BEGIN INFORMATION SUPPLIED

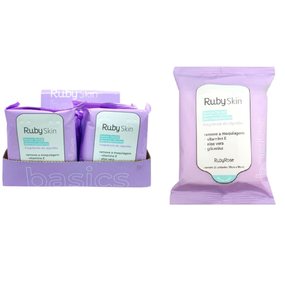 Descrição: O Lenço Facial Demaquilante Ruby Skin Ruby Rose remove a maquiagem, oleosidades e impurezas da sua pele, deixando-a limpa, fresca, tonificada e hidratada. Os lenços são resistentes e com uma fragância suave de algodão sem deixar a pele irritada, tornando a rotina de limpeza da pele bem mais simples.
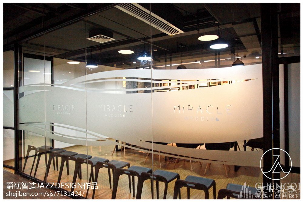本案重視對光線、視線、動線的規劃:由于客戶的使用情況,會議室放在了采光最不好的地方,為了彌補采光的不足,我在隔墻上做了兩個對稱的豎向采光口,用磨砂
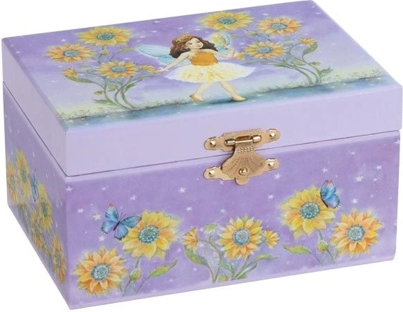 Această cutie pentru bijuterii, în stilul unei cutii muzicale clasice, va bucura orice copil care dorește să își păstreze comorile cu eleganță. La deschiderea capacului răsună melodia delicată din baletul Lacul lebedelor, iar mica balerină rotativă începe să danseze în fața oglinzii încorporate. Motivul cu floarea-soarelui conferă cutiei un aspect jucăuș și totodată delicat.

END INFORMATION SUPPLIED

● WHAT THE EXERCISE ASKS
The reply should hold every line of the material above, unchanged, and no pictures.

● RESPONSE
 Descrição: O Lenço Facial Demaquilante Ruby Skin Ruby Rose remove a maquiagem, oleosidades e impurezas da sua pele, deixando-a limpa, fresca, tonificada e hidratada. Os lenços são resistentes e com uma fragância suave de algodão sem deixar a pele irritada, tornando a rotina de limpeza da pele bem mais simples.
本案重視對光線、視線、動線的規劃:由于客戶的使用情況,會議室放在了采光最不好的地方,為了彌補采光的不足,我在隔墻上做了兩個對稱的豎向采光口,用磨砂
 Această cutie pentru bijuterii, în stilul unei cutii muzicale clasice, va bucura orice copil care dorește să își păstreze comorile cu eleganță. La deschiderea capacului răsună melodia delicată din baletul Lacul lebedelor, iar mica balerină rotativă începe să danseze în fața oglinzii încorporate. Motivul cu floarea-soarelui conferă cutiei un aspect jucăuș și totodată delicat.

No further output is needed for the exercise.